# Whole house water filtration



## iceberg70 (Jan 16, 2008)

Family of five is looking for advice on brands and filter mechanism(s) for a whole house water filtration system.  I'm on a well and we have a significant amount of iron and sulfur in the water, but it's not bad (adds flavor, right?) We have a water softener, and with the right salt the iron's not an issue.  The filtration would be more for purification and particulate removal, and if some of the sulfur went away too, no one would complain.

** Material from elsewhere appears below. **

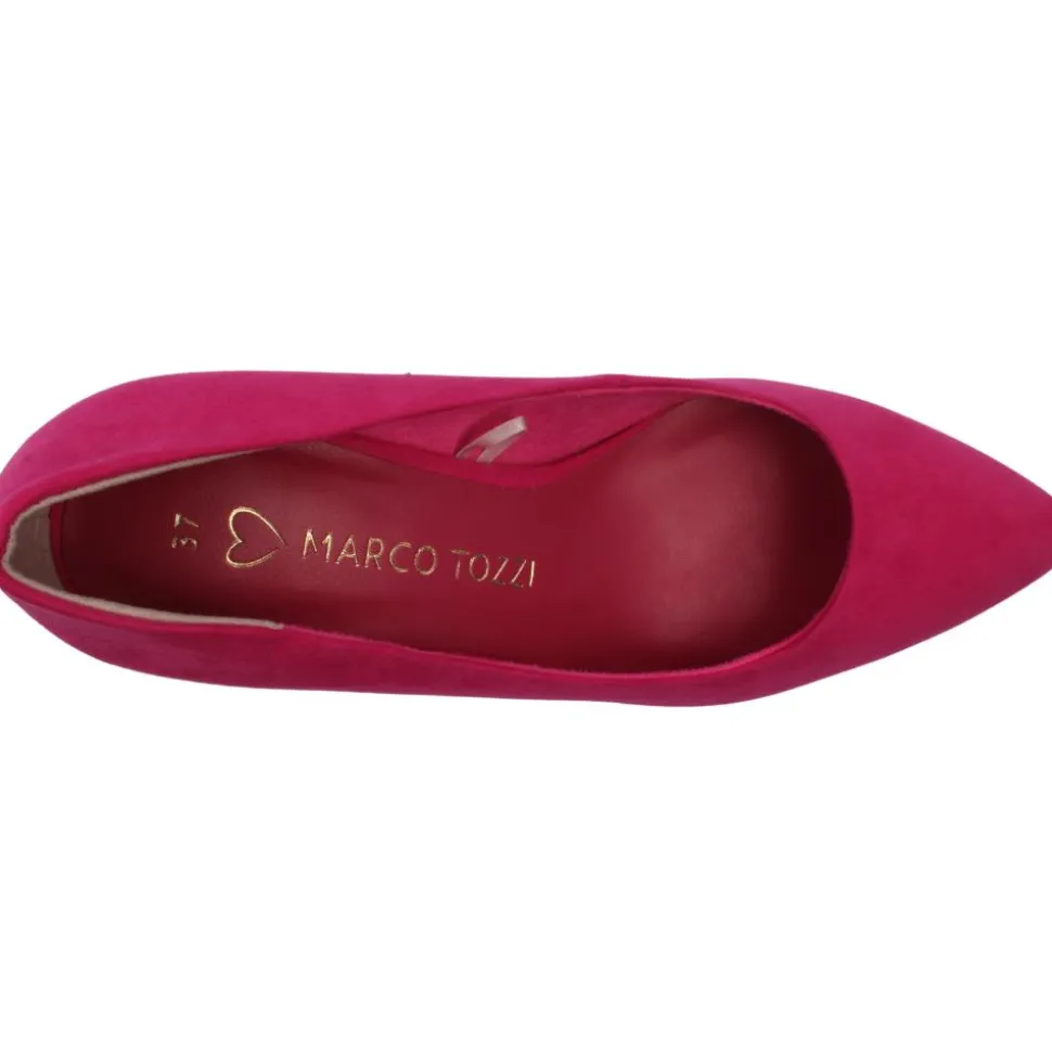 Stylish pink court shoes from the Marco Tozzi collection. Crafted with a vibrant faux suede upper and featuring a pointed and uniquely shaped heel, this shoe exudes elegance. Enhanced with cushioned insoles, it ensures both style and comfort.

Anybody have good or bad experiences with whoole house systems?

Thanks!


----------



## guyod (Jan 16, 2008)

I installed the basic $30 filter on my well but got tired of replacing the filter every week and with a dirty filter my water came out brown. but my case is extreme. I have a shallow well that starts inside a hole with the pump. so when it rains it fills up and im pretty sure i get that water in my well. its on my to fix list.


----------



## inspectorD (Jan 17, 2008)

What do you mean particulates...you need that stuff. 
It depends on how extreme you want to go and how much you want to spend up front, and on servicing every 4 months. But to get rid of the sulfur smell you can get an "air raider box" this is basically used for radon mitigation in water systems. This will remove that sulfur smell, my cousins in Watkins Glenn NY have one we acquired and it works like a dream. You just have to clean it like I mentioned.
Go with what the company in your area recommends and services, it will be less expensive that way, with the same results.


----------



## iceberg70 (Jan 18, 2008)

I'm going to begin pricing systems this week.  Thanks to both of you.


----------



## asbestos (Jan 18, 2008)

You need the latest 16 part para-ionic bi-phasic reverse osmosis system. 
sold by you local multi level marketing person.


----------



## CraigFL (Jan 19, 2008)

This site is very informative and the owner, Gary can be found answerings questions on sites like this.

http://www.qualitywaterassociates.com/softeners/


----------



## iceberg70 (Jan 28, 2008)

You know, *Asbestos*...I had a feeling that would be "the best solution for my situation". 

Thanks!

I'll check it out, *Craig*.  Thank you.


----------



## zlee1 (Feb 7, 2009)

I purchased a Pura whole house filter with a UV bulb. I installed it after the softener. It works really well. I've had it for 2 years and I only replaced the filters twice. The water stink is gone and it effects my water pressure very little. I got it online, it was about $1000. There is a sticker on the unit with the name of the place where I got it. If you have trouble finding it, I can go to the basement and get the info for you.


----------